Alaska Life

5 ways to face the anxiety and stress of the holidays

As a psychologist, I always brace for the emotional fallout from the holiday season from my patients. But this year could be particularly hard as we enter our second pandemic winter already depleted.

During what we are told should be the happiest time of the year, many struggle with stress and anxiety related to family gatherings, exhaustive preparations, travel and gift buying. Waves of grief tend to come with full force, and holiday blues can put a damper on any enjoyment and rob us of energy and motivation to engage with the world.
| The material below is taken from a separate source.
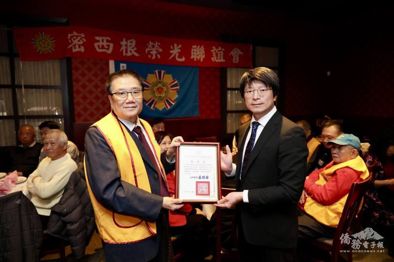密西根榮光聯誼會12月6日在法明頓市(Farmington)舉行年度盛會及慶祝榮民節,眾多榮民弟兄、榮眷、密西根僑務榮譽職、各社團負責人及僑胞鄉親齊聚一堂,芝加哥文教中心主任蔡季穎代表駐芝加哥辦事處處長類延峰專程出席,密西根僑胞也藉此機會,向即將調職返臺的蔡季穎獻上祝福,互道珍重。
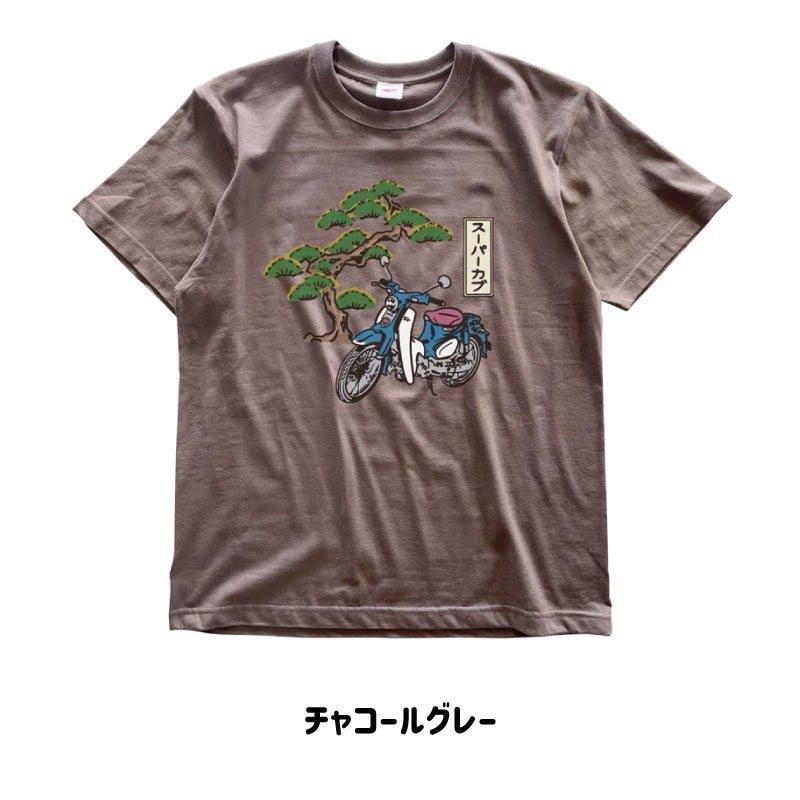 ホンダスーパーカブの浮世絵風イラストがプリントされたTシャツです。

My patients also describe frequent headaches, sleep problems, and eating and drinking more than they would like to.

Holidays also can exacerbate loneliness. People without a support system of good family or friends might feel especially abandoned during the time when togetherness is a norm. And holidays often make people’s existing psychological challenges worse.

“I hate holidays,” said Stephanie Suesan Smith, a 56-year-old writer in Dallas. “As days get shorter and all the family of origin issues flair up around this time, my depression gets predictably worse.”

She is not alone. A National Alliance of Mentally Ill (NAMI) survey in 2014 found that 64 percent of people with mental illness reported that holidays worsened their conditions.

Here are ways that you can stay resilient this holiday season.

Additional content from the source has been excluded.